The Agency for Healthcare Research and Quality (AHRQ) will shut down its National Guideline Clearinghouse (NGC) website due to funding cuts. The clearinghouse stopped accepting submissions for guidelines on June 18, 2018 in anticipation of the closure. Publication of new and updated clinical practice guidelines will continue until July 2, 2018. However, after July 16, 2018, the NGC website will shut down and the content will no longer be available. https://www.guidelines.gov/.   What does this mean for nursing?

The AHRQ is a lead federal agency charged with improving the safety and quality of America’s health care system. The organizations mission is to produce evidence to make healthcare safer, higher quality, more accessible, equitable, and affordable.

To meet the mission, AHRQ, in partnership with the American Medical Association and the American Association of Health Plans formed NGC as a vehicle to provide web and data-based evidence.  Guidelines on NGC’s website are organized by clinical specialty, organization, MESH terms, and status (in progress, archived)

Who uses the NGC database?

  • Physicians and clinicians
  • Healthcare organizations and delivery systems
  • Medical specialty and professional societies
  • Employers and large purchases to assist in making healthcare benefits purchasing decisions
  • Educational institutions for curricula and continuing education
  • State and local governments for quality and program oversight

Why consider the details of something about to be extinct? Because the upcoming void will need to be filled. If evidenced based healthcare is to move forward, evidence must be centralized and accessible.

The following three organizations are well respected developers and disseminators of clinical evidence. 

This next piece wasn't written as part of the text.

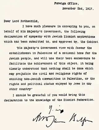 La Declaración Balfour (2 de noviembre de 1917) fue una manifestación formal pública del gobierno británico durante la Primera Guerra Mundial, para anunciar su apoyo al establecimiento de un «hogar nacional» para el pueblo judío en la región de Palestina, que en ese entonces formaba parte del Imperio otomano. La Declaración fue incluida en una carta firmada por el ministro de Relaciones Exteriores británico (Foreign Office) Arthur James Balfour y dirigida al barón Lionel Walter Rothschild, un líder de la comunidad judía en Gran Bretaña, para su transmisión a la Federación Sionista de Gran Bretaña e Irlanda. El texto fue publicado en la prensa el 9 de noviembre de 1917.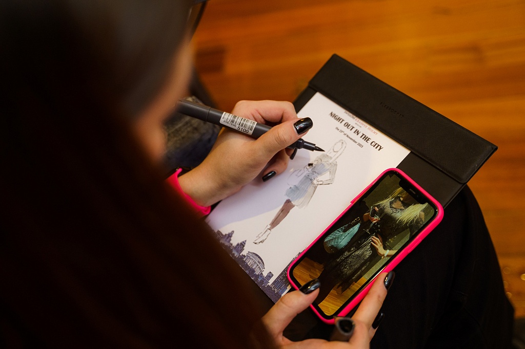 На 33-ем этаже гостям вновь предлагали охлаждённое просекко и желающих еще раз фотографировали, но … для художественных скетчей на брендированной открытке с изображением гостя в стиле модного глянца. Еще один сувенир в копилку впечатлений!

  1. The Joanna Briggs Institute (JBI) is an international not-for-profit, research and development Centre at the University of Adelaide, South Australia. Access to their evidence- based resources and tools for developing evidence is being managed exclusively through Wolters Kluwer Health / Ovid and Lippincott Williams and Wilkins.
  2. The Cochrane Nursing Care Field (CNCF) is part of the Cochrane Collaboration, and managed exclusively by the JBI Network. CNCF reviews and publishes evidence-based summaries in plain language within the Cochrane Library. Spend some time reviewing the plethora of EB information in the Cochrane Library.
  3. The Virginia Henderson Global Nursing e-Repository is dedicated to sharing works created by nurses and is the only one its kind. It is an open-access digital academic and clinical scholarship service that collects and disseminates full-text nursing research and EPB materials. It is the resource for Sigma Theta Tau International, the honor society of nursing.

Change can be daunting and uncertain, however, with the knowledge of well-respected resources, it need not be.  There is a wealth of EB resources, tools, clinical recommendations, and much more available on the web. Probably more resources and information than we could effectively absorb in a lifetime. So, although the NGC is coming to an end – EB databases are alive, well and accessible.

Recommendation to the reader:  Spend some time getting familiar with JBI, CNCF, and the Virginia Henderson Library.

Food for thought: What is your source for nursing evidence?